Presently, my husband was diagnosed with an infectious disease, so he was transferred to the department of infectious diseases. In the following 20 days, I still didn’t leave the hospital, and God’s words accompanied and encouraged me every day. I read the passage of God’s word, “God Himself, the Unique III” on my cellphone. These words tell about the six junctures in a human life, the mysteries in each juncture, and the fact of how God rules over everything. In addition, I also listened to many hymns of God’s word, feeling especially peaceful in my heart. Little by little, my husband’s condition improved some. Nevertheless, because of a long time in hospital, he had more and more temper. Once anything unpleasant befell him, he would scold. And every day he shouted that he wanted to come out of the hospital. In that moment, I was worried that his emotion would disturb others, and that others would blame us. After all, there were other patients needing rest in the ward. Yet, I couldn’t persuade him to stop scolding at all. When he lost his temper, I could only pray to God silently, “O God! May You quiet my husband’s heart. Don’t allow him to scold, so as not to disturb other patients. …” After my prayer, my husband really calmed down each time. Sometimes, the relatives of other patients in our ward, or the doctors and the nurses also advised him, “Your wife is really so good. You can stop scolding her.…” I was certain that it was God’s wonderful deed, and that He heard my prayers and changed all people, matters and things. So I was even sure of the fact that Almighty God is the only true God, and I also had’s authority. It is just like a passage of God’s words a sister read me later, “The heart and spirit of man are held in the hand of God, and all the life of man is beheld in the eyes of God. Regardless of whether or not you believe this, any and all things, living or dead, will shift, change, renew, and disappear according to God’s thoughts. This is how God rules over all things” (“God Is the Source of Man’s Life”).

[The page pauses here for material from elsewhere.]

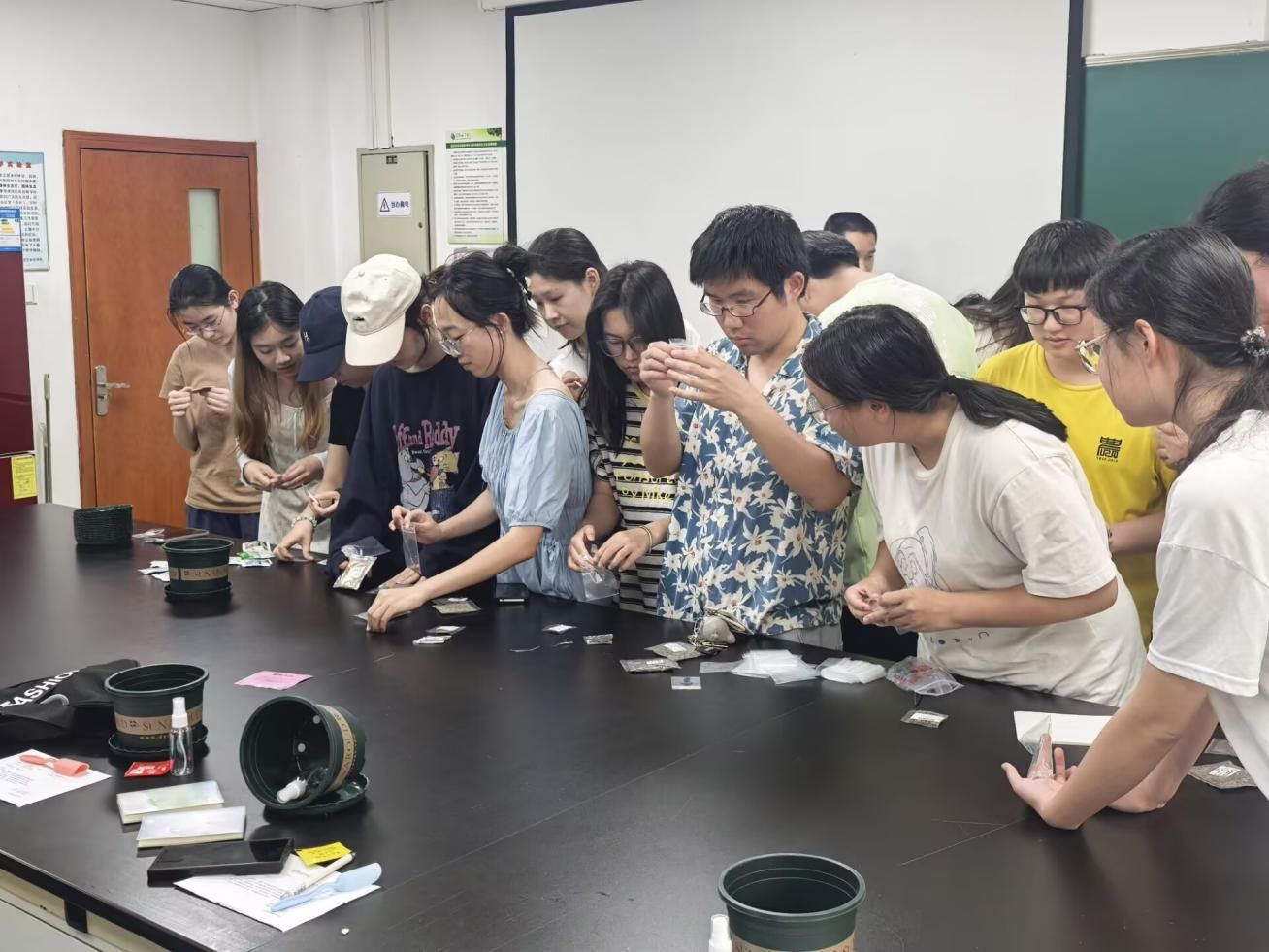 在植物知识问答环节,“绿萝夜间是否释放氧气?”“多肉植物耐旱的生物学原理”等问题引发热烈抢答,答对者将获赠一份“植物能量包”,能量包拥有缓释肥、装饰小摆件、干花花束、植物贴纸等精美礼品。随后的种植环节,工作人员提前准备了满天星、太阳花、向日葵等多种花束,以及一系列园艺工具。同学们戴着手套铲土、撒种、浇水,现场洋溢着“园丁”般的专注与期待。来自林学专业的杨荟同学表示:“亲手种下的不仅是种子,更是对慢生活的向往。”

During the time when my husband was ill, God arranged all of these for me meticulously. It was God who changed me from an unbeliever to a believer in God, from feeling His existence to deeply appreciating that He looks into my heart beside me and that leads every day of my life. And He also made me gradually be certain that Almighty God is the only true God and realize that everything He did was to save me. As I looked back, I realized that I was so arrogant, conceited, poor, and pitiful. I always believed that beautiful home was built by my own hands, so I strived to earn money all the time under my own steam. However, I was still penniless at last. After experiencing these things, I understood that in our life how much food we enjoy, how many things we use, how much wealth we own—these all are neither controlled by ourselves, nor gained by our own ability. It is God who dictates and arranges all these things. As the saying goes, “You will have it if it belongs to you, whereas you don’t kvetch for it if it doesn’t appear in your life.” After my husband left hospital, I no longer was merely concerned about my work every day; instead, I just worked for four days a week. In such a way, I had more time to see after my husband, and to stay with my brothers and sisters to attend meetings, learn and sing hymns, read God words and watch gospel videos. Because of attending more meetings and reading more God’s words, I had more knowledge of God. Now, my husband has immigrated to Hong Kong, and his condition has gotten better, with his weight increasing to 60 kilos from over 40 kilos. As his condition has gotten better, his mood also has lifted, so our life runs smoothly. I deeply knew that all of these are brought by God, which couldn’t be achieved by my own effort.
Looking back upon the road I had walked, I knew it was God’s words that awoken my heart and spirit and made me abandon the wrong views of pursuit of the past so that I no longer feel perplexed but feel enriched and released in my heart, finding a goal and direction in my life. Thank Almighty God for choosing me. Having the opportunity to know the Creator is the greatest blessing in my life.